This repository contains
- code to download some of the datasets used in our work. Some datasets like the fastMRI or CMRxRecon dataset need to requested from the source.
- code to convert the datasets into a consistent format used in our work.
- code for training and evaluating models.
- exact information on the training and evaluation data, as well as training and model configurations. For example,
create_eval_sets.ipynb
illustrates our evaluation set and the folderdatasets/train
contains slice-level information about our unfiltered and filtered datasets. - the raw experimental results data, which can be found in the foler
exp_data
.
- Run
bash setup.sh
to install all necessary packages. - Create an output directory
/path/to/output/directory
for saving created resources, such as datasets, model checkpoints, etc. The available disk space must be at least 130GB for running the demo. - Adjust the absolute paths in
configs/paths/output_dirs.yml
. In that file, substitue/path/to/output/directory
with the path you created in 2., and substitue/path/to/this/repository
with the absolute path to this repository. - Run
bash run_demo.sh </path/to/output/directory>
for a demo. This will do the following:- Downloads two datasets which will be saved in
/path/to/output/directory
created in point 2. - Converts the two datasets and saves them as HDF5 files. One dataset will serve as training set and the other as test set.
- MVUE reconstructions will be computed and added to those HDF5 files.
- Apply retrieval filtering on the training set based on the test set.
- Train one model on the unfiltered training set for two epochs and one model on the retrieval filtered dataset for two epochs.
- Store the checkpoints, scores, and other outputs in the paths provided in
configs/paths/output_dirs.yml
.
- Downloads two datasets which will be saved in
You can use main_train_eval.py
to run any of the train_eval setups. For example, if you have downloaded and converted all datasets used in our work, to reproduce our results for a VarNet trained for 4-fold accerated MRI on the unfiltered datasets of 120k slices with 1% in-distribution data, run:
python main_train_eval.py -p debug/configs/paths/output_dirs.yml -s End2EndSetup/varnet-large_c8.yml -t data_pool_random_volume_subset_120k_epochs=20.yml -e eval_2d_curated_v2.yml -T -E -v
You can also skip the -T
or -E
option to not rerun training/evaluation again.
Working directory
├───configs # human-readable configuration files
│ ├─── paths # base paths (yaml)
│ ├─── training # epoch-wise training dataset configs
│ ├─── evals # list of datasets for evaluation
│ └─── train/eval setups # setup-specific configurations, contains predefined model configurations.
├───datasets # human-readable dataset files
│ ├─── train # slice-level information on the training datasets (storage location etc)
│ └─── evals # slice-level information on the evaluation datasets (storage location etc)
├───exp_data # lightweight outputs (model and eval summary files)
├───setup # some installation code (e.g. bart, python dependencies)
├───src # data conversion, training and evaluation code
│ ├─── data # data convesion code
│ ├─── interfaces #
│ │ ├─── base_train_eval_setup.py # defines common behavior of each setup in an abstract class
│ │ ├─── config_models.py # formalizes the data setups for train/eval
│ │ ├─── config_factory.py # code for validating json files against the defined models
│ │ └─── path_setups.py # defining where to store output data and summary files.

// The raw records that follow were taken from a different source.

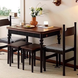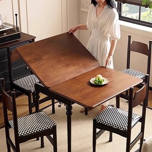 餐桌椅组合中古风餐台家用可变方桌吃饭桌法式复古可折叠长方形桌
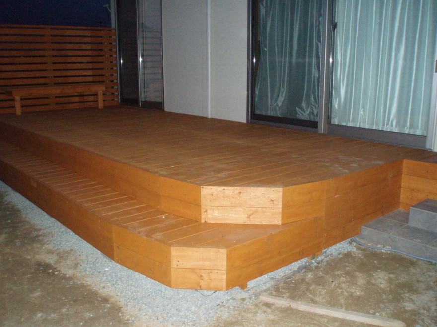 ステップがベンチにもなるウッドデッキ 宍粟市 C様邸
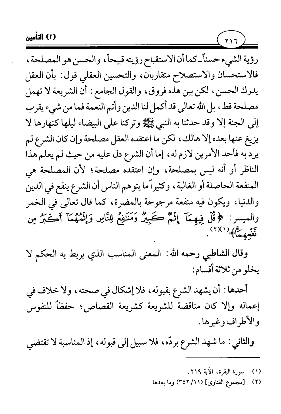 رؤية الشيء حسنا - كما أن الاستقباح رؤيته قبيحا، والحسن هو المصلحة، فالاستحسان والاستصلاح متقاربان، والتحسين العقلي قول: بأن العقل يدرك الحسن، لكن بين هذه فروق، والقول الجامع: أن الشريعة لا تهمل مصلحة قط، بل الله تعالى قد أكمل لنا الدين وأتم النعمة فما من شيء يقرب إلى الجنة إلا وقد حدثنا به النبي صلى الله عليه وسلم وتركنا على البيضاء ليلها كنهارها لا يزيغ عنها بعده إلا هالك، لكن ما اعتقده العقل مصلحة وإن كان الشرع لم يرد به فأحد الأمرين لازم له، إما أن الشرع دل عليه من حيث لم يعلم هذا الناظر أو أنه ليس بمصلحة، وإن اعتقده مصلحة؛ لأن المصلحة هي المنفعة الحاصلة أو الغالبة، وكثيرا ما يتوهم الناس أن الشرع ينفع في الدين والدنيا، ويكون فيه منفعة مرجوحة بالمضرة، كما قال تعالى في الخمر والميسر: {قُلْ فِيهِمَا إِثْمٌ كَبِيرٌ وَمَنَافِعُ لِلنَّاسِ وَإِثْمُهُمَا أَكْبَرُ مِنْ نَفْعِهِمَا} (¬1) (¬2) .
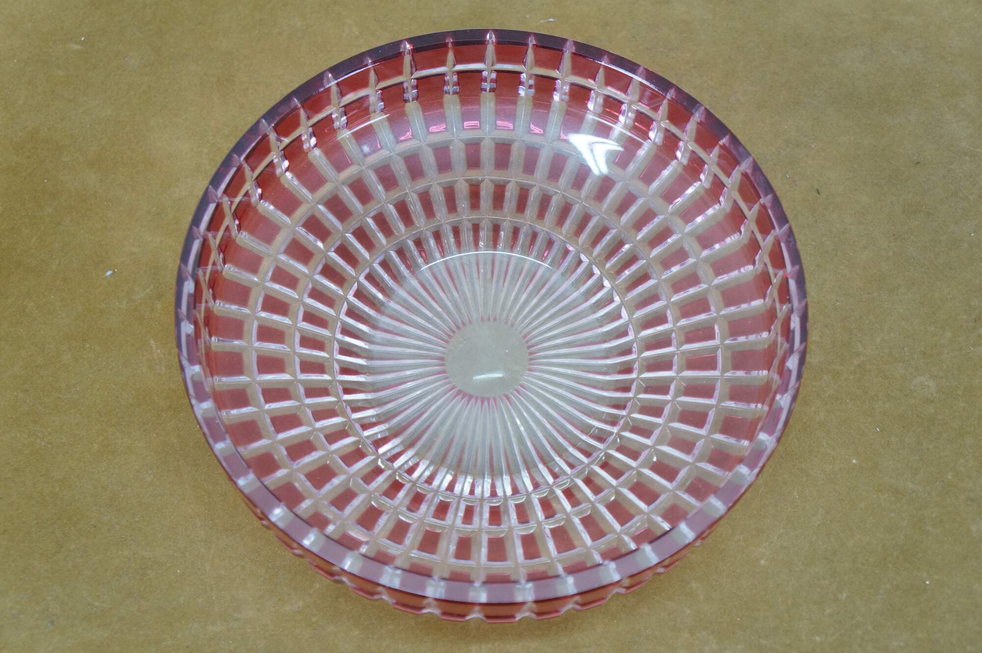 Antique American brilliant period cut glass ruby red / cranberry cut-to-clear Renaissance bowl or compote.
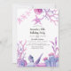 Whimsical pink and blue ocean themed birthday party invitations featuring sea ferns, seaweed, coral, shells and starfish designed to be quickly and easily customized to your event specifics.

│ └─── train_eval_setups # contains the various train/eval setups
│ ├─── train_eval_setups.py #
│ ├─── common_utils # processing results etc.
│ ├─── end_to_end
│ ├─── diff_model_recon
│ └─── (other setups..)
├───main_train_eval.py # for running the train_eval setups
├───download_datasets.py # for downloading datasets that do not need manual access request
├───convert_datasets.py # for downloading datasets that do not need manual access request
├───create_dataset_json.py # creates slice-information on training and evaluation datasets, e.g. which slices within a volume to access for training
├───add_mvue_smaps_to_h5.py # computes and stores MVUE reconstructions and sensitivty maps
├───compute_embeddings.py # computes dreamsim embeddings which are used for retrieval filtering
├───retrieval_filter.py # applies retreival filtering on a dataset given a reference set
Note: The folder datasets
contains dataset files saved as .json
does not contain the actual the k-space data. These files are mainly used to specfiy which k-space data to use for training and evaluation. Each file specfies the paths to k-space volumes (stored as .h5
files following the fastMRI convention) and indicates which slices within a volume are used.